Enhancing Netflix's Deep Personalization: The Full Potential Of Its Current AI Recommender Systems

Ugh! To think that this article started from a rant about my K-drama search results. SMH.

I’m thrilled that it did because it led me down the rabbit hole of Algorithms, Deep Personalization, Search optimization, and…wait for it…Netflix’s Research Library! That site is to my brain what a pâtisserie is to my eyeballs and belly. I digress, but seriously, if you haven’t checked it out, you should.

It is due to my curiosity that I decided to write this article regarding optimizing Netflix's ML ranker outcomes for a more efficient and accurate deep personalization experience of subscribers’ long and short-term viewing preferences — to address both Fetch and Explore intents. I found writing this article very interesting because it takes the business and customer angles, as well as the infrastructure, into consideration.

Context

Netflix seems to focus more on home-page recommendations that enhance users’ pre-query experience and less on post-search experience. To some extent, this is great because if it were to be the other way around from the beginning, we’d all have dropped Netflix years ago. After all, the user experience (UX) would have been a hot mess!

According to Das et al. (2022) in their paper on query-facet mapping and its applications, even though most of the content discovery happens on the home page, a large amount still comes from Search. So, I can’t help but wonder, if this is the case and Netflix has solidified its UX dominance amongst its competitors, how come members still don’t have some control over their experience, especially during Search? As a Product Manager, I understand focussing on features that affect more users, but sometimes, paying attention to the seemingly insignificant 20% that don’t seem like urgent user needs could lead to 80% of our desired product outcomes.

There’s been some recent buzz about Netflix’s customer satisfaction ratings in the US/Canada region, and the data shows that there seems to be quite some churn in this region despite Netflix’s growing presence in other regions. Nonetheless, it can be argued that that region was the primary market for the product. Thus, it’s a more mature market. Therefore, it is highly likely that most other markets will follow the same trajectory as the product/markets mature and other market players arise in the mid to long term.

The way I see it, as Alex Ratner stated in a tweet, “…Real value from AI always hinges on solving the hard 20%- and this almost always requires an entirely different set of approaches.” thus, Netflix must start to look into the features that they don’t focus much on — based on the evidence, that’d be query-related recommendations and Search. What if the “different set of approaches” is simple?

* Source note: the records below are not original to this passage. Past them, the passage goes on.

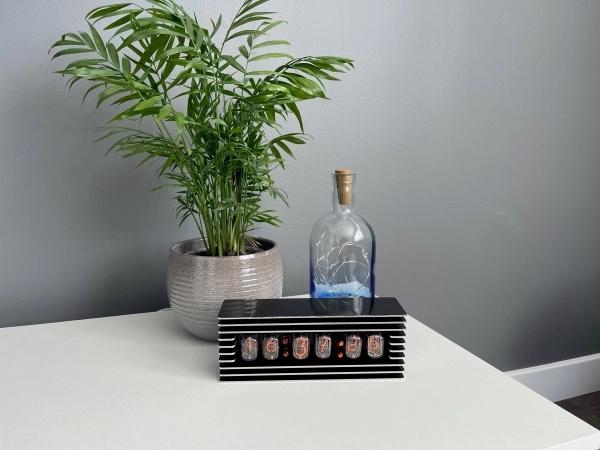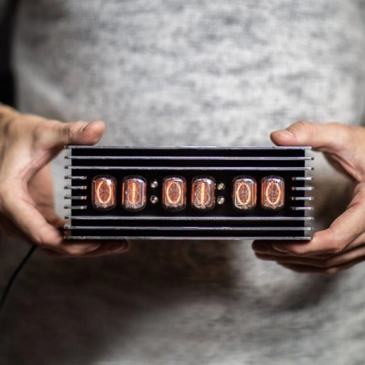 Limitowana edycja zegara Nixie z 6 lampami IN‑12. Zmontowany, design z PCB, gotowy do ustawienia na stole i na ścianie. Tylko 599 sztuk.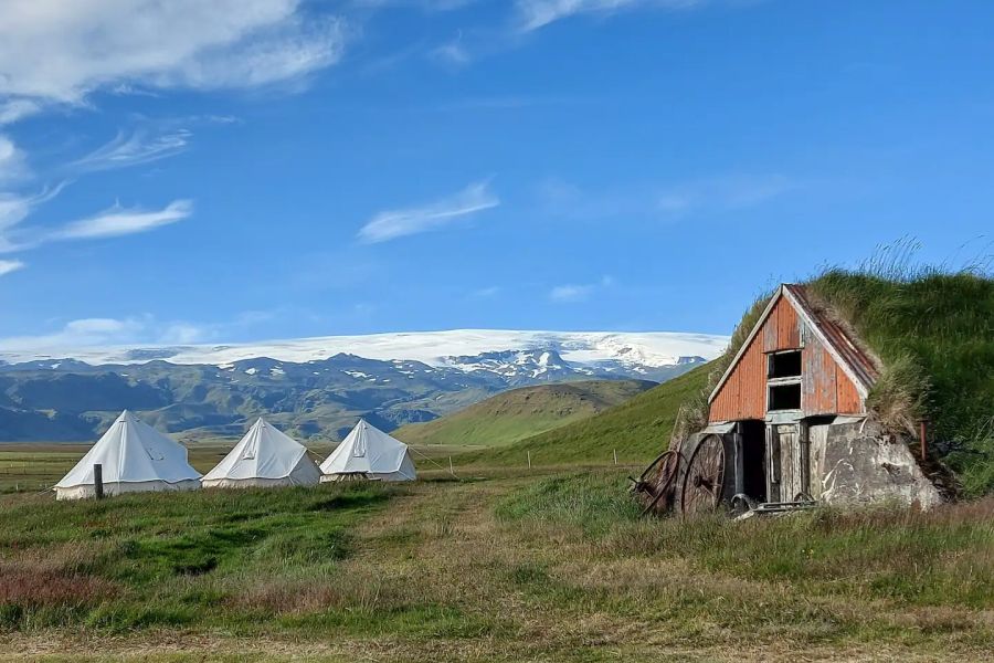 Bij de Farmhouse Lodge, vlakbij het zwarte strand van Vik, kun je van 1/6-20/9 verblijven in luxe canvas tenten. De tenten voor 2 personen hebben een 2-persoonsbed, de 4-persoonstenten hebben een 2-persoonsbed en twee 1-persoonsbedden, die zijn voorzien van bedverwarming, electriciteit, lamp en dekens. In The Barn, een grote schuur, zijn een bar, banken, tafels en een gemeenschappelijke keuken, waar je zelf kunt koken. Tafeltennistafel, dartboard en spelletjes beschikbaar. Gratis koffie/thee, wifi en bagagelockers. Gemeenschappijke douches/toiletten. Optioneel kun je het ontbijt bijboeken in het guesthouse. 10 minuten rijden van Vik, het meest zuidelijke punt van IJsland. Parkeerplaats. Het zwarte strand van Reynisfjara ligt op 7 km afstand. Op de Solheimajökull kun je een gletsjerwandeling maken met een gids. Ook interessant is het vliegtuigwrak van een DC3 toestel, dat al jarenlang in de Solheimasandur zandvlakte ligt of een excursie naar een ijsgrot. Sneeuwscootertochten mogelijk op de Myrdalsjökull. 8 km van de Dyrholaey kaap waar veel zeevogels nestelen. Restaurants, zwembad en 9-hole golfbaan in Vik (14 km). Reykjavik 170 km.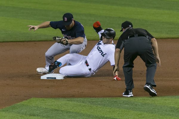 MIAMI _ Miami Marlins hopeful ace Sandy Alcantara worked through four strong innings and got himself out of a jam in the fifth before the Boston Red Sox cracked him in the sixth. Jackie Bradley Jr.'s two-out line drive to left field broke open a scoreless game.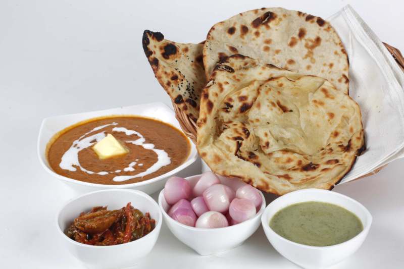 Moti Mahal Delux's Dal Makhni, Naan, and accompanying relishes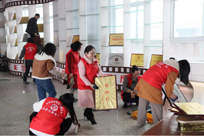 党支部结合文明创建开展了党员志愿服务实践活动,对学校及校园周边区域卫生进行了打扫。活动中,党员教师充分发挥“不怕脏,不怕累”的志愿服务精神,忙碌在校园内及校园周边的各个角落,有的负责清除杂物、有的负责擦学校荣誉墙、有的负责打扫地面、有的则负责搬运垃圾,一个个忙得不亦乐乎。

Let’s be real: Netflix’s recommender systems are SUPREME (All Hail!), and the recommendations on the homepage are great a lot of the time, but it becomes more stressful when I need to find films within a genre or category that falls within Netflix’s “movie genome” (“This show is …” e.g., Swoonworthy) because the recommendations on the homepage are finite. From my research, which included an admittedly ‘leading’ and informal Twitter poll with a small sample size, interview sessions, and scouring tons of forums on the internet for reasons why people don’t like Netflix, recommendations and search relevancy seem to be recurring customer issues. These hangups don’t stop the users from clocking their “Hours spent watching…” metric because the recommendations are decent enough, but from the responses I got, it’s almost like a nagging but dull pain point that subscribers have. They know it can be better, but it works fine to accomplish their primary goal, and they’ve used Netflix for so long that it’s a pain that they have learned to deal with.

As a subscriber, what do I want? I want to be able to find more movies that meet my specific taste so that my recommendations are more accurately tailored to my preferences.

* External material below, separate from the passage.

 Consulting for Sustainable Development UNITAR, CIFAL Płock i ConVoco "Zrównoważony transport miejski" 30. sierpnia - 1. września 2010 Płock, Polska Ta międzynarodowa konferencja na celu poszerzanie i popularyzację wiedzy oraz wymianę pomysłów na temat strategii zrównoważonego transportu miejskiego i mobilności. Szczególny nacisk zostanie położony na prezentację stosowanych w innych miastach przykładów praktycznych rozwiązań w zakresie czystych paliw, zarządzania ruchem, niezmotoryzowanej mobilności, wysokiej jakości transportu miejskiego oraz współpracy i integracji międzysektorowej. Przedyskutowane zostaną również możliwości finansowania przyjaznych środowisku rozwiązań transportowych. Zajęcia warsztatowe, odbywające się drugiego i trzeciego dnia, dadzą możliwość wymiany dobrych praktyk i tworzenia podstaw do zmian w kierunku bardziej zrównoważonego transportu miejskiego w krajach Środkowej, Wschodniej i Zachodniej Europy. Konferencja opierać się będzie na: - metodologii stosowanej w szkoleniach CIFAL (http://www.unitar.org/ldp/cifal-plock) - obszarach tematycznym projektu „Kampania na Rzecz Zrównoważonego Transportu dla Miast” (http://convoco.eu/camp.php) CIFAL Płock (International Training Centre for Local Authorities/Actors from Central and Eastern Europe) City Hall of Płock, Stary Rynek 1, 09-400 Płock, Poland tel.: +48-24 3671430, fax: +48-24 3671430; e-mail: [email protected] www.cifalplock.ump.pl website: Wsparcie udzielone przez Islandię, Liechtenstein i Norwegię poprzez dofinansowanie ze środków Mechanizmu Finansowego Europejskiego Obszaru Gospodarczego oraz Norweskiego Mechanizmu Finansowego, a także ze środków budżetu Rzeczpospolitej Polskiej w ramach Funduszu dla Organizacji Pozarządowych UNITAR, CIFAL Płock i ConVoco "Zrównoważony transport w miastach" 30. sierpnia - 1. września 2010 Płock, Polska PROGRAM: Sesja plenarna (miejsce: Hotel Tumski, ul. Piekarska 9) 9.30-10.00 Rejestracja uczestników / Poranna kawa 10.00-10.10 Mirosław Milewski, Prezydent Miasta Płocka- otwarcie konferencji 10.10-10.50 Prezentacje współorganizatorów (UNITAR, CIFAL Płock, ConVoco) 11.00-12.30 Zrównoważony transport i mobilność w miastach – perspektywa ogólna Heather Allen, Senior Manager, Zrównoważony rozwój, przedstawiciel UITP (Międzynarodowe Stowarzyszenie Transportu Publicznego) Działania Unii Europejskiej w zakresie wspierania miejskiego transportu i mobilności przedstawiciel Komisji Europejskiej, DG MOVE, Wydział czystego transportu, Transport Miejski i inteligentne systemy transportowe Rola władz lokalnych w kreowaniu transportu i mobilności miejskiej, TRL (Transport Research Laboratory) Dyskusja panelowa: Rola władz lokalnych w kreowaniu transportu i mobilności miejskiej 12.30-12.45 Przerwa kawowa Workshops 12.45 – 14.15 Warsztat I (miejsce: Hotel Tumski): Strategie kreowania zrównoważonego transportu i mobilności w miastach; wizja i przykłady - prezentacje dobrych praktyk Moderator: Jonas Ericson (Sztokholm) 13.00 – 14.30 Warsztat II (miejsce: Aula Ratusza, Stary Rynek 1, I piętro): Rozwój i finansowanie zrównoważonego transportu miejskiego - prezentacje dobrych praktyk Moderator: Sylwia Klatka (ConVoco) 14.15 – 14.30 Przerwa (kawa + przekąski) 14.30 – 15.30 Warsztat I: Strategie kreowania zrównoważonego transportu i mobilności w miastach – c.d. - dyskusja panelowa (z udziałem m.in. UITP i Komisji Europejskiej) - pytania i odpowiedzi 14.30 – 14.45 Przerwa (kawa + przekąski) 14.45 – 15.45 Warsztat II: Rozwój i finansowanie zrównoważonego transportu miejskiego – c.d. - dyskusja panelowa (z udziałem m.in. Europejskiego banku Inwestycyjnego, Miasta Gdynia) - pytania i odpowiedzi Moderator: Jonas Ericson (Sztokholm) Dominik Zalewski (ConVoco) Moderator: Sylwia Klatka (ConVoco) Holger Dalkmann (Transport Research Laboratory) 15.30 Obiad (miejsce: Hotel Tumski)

What does Netflix want? According to their Research website, they want me, the subscriber, to spend less time searching and more time watching what I like.

So, what if I’m able to input search components once in a blue moon, and my filters are so detailed that the queries finetune the recommender systems to provide better in-session pre-query recommendations during Fetch and Explore user intent actions such as idly scrolling/hovering through recommendations lists and typing to search respectively?

For instance, this has happened to me too many times than I can count and apparently so many others experience the same;

Scenario: Uchenna prefers to watch Korean TV shows in the romance genre that are swoonworthy, comedy and heartfelt. It doesn’t mean that if Netflix recommends a Chinese TV show that is in the romance genre with genome tags for ‘Bittersweet, Heartfelt and Emotional’, she wouldn’t watch it. She most likely would or she would have to scroll for several minutes looking for something that meets her current mood and preference.

Netflix’s Problems

In my humble opinion, these are Netflix’s problems;

Firstly, some of its core metrics are extrinsically motivated, quite presumptive, and based on the premise that success is in the completion of the main goal, which is, watching something on the platform in video format. In a perfect product world with business KPIs at the forefront of decision-making, yes, this is right, but in a world with flawed humans with varying moods, preferences, and intents, this is a flawed and unempathetic approach — it does not take into account that I might enjoy watching something that was recommended to me, but it doesn’t mean that it is what I would usually go for or it’s what my mood calls for at the point of selection.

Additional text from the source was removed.